Your Essentie Pensioen: an update on LifeCycle Beleggen

Essentie Pensioen uses LifeCycle Investing by NN Investment Partners (NN IP). With LifeCycle Investing, the experts at NN IP have developed a solution to achieve an optimal risk-return ratio.

At a young age, one can afford to take a relatively high risk. If the value development of investments is negative, e.g. due to a drop in equity prices, there is indeed still plenty of time to make up for the losses.  As retirement approaches, however, there is increasingly less time to offset shocks in the financial markets. At that point, there will be more focus on safer investments and risks will be hedged. LifeCycle Investing is therefore composed of two parts:

  • Pension returns: by means of a single fund that typically invests in a broad basket of actively managed funds, with the aim to achieve attractive returns (NN First Class Return Fund)
  • Pension matching: using three fixed income funds with passive characteristics and a duration profile, with the objective of limiting interest rate risks wherever possible (NN Liability Matching Funds M, L and XL)

LifeCycle Investing has three risk profiles: defensive, neutral and offensive. Based on of these profiles, we consecutively invest more and more in the return part. Consequently, the defensive profile has the lowest downside risk, compared to the neutral and offensive profile.

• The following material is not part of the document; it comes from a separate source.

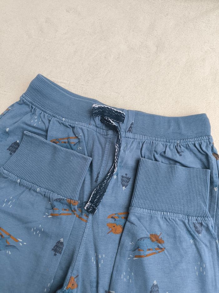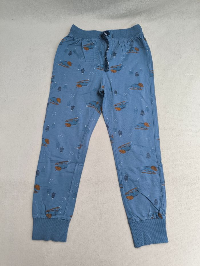 Pyjama deux pièces Marque Tape à l'œil Taille 8 ans, 128 cm Haut : • Coloris bleu, gris • Manches longues • Inscription "Sauve-ski-peuuut" broderie Yéti sur ski, imprimés sapins • Velours, doux • Imprimé craquelé Pantalon : • Coloris bleu, orange, blanc • Imprimés sapins, dinosaures • Taille élastique • Coton fin Haut et pantalon dépareillé En très bon état #evelyne_garcons_8ans #evelyne_garcons

More information on composition and performance
In the documents below (all in PDF) more information is provided about the composition and performance of the standard LifeCycle Investing as well as the 4 underlying funds it is constructed with.

Next to the above described LifeCycle, an employer can offer its employees the option to make the investment decisions themselves. For this investment option, a set of standard funds has been selected by Altis Investment Management.